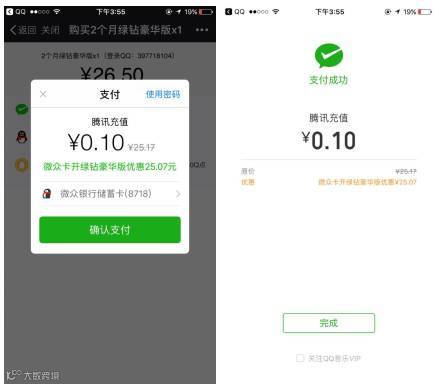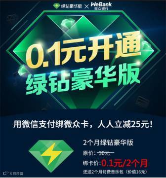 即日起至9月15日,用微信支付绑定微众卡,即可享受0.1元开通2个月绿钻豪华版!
***
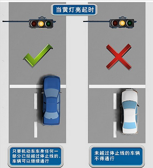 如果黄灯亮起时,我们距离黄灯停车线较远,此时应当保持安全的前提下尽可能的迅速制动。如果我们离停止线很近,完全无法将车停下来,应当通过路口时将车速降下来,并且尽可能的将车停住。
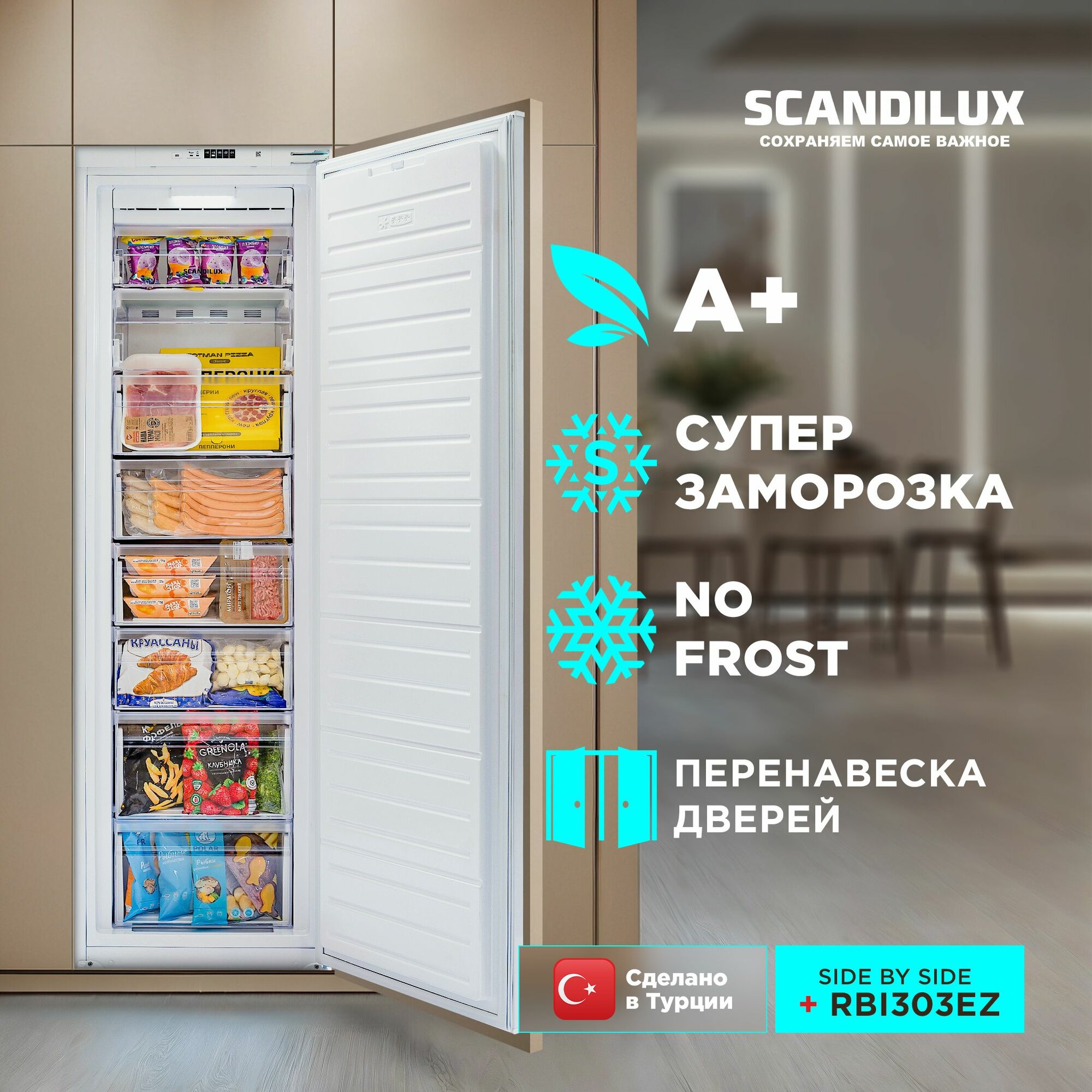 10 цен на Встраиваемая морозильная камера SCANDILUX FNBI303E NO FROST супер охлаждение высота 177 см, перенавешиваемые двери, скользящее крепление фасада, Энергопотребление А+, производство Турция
***
_TASK OBJECTIVE_
Give back the exact lines above, running from the one that has "如果黄灯亮起时,我们距离黄灯" through the one that has "10 цен на Встраиваемая", with nothing added and no pictures.

_EXERCISE RESPONSE_
 如果黄灯亮起时,我们距离黄灯停车线较远,此时应当保持安全的前提下尽可能的迅速制动。如果我们离停止线很近,完全无法将车停下来,应当通过路口时将车速降下来,并且尽可能的将车停住。
 10 цен на Встраиваемая морозильная камера SCANDILUX FNBI303E NO FROST супер охлаждение высота 177 см, перенавешиваемые двери, скользящее крепление фасада, Энергопотребление А+, производство Турция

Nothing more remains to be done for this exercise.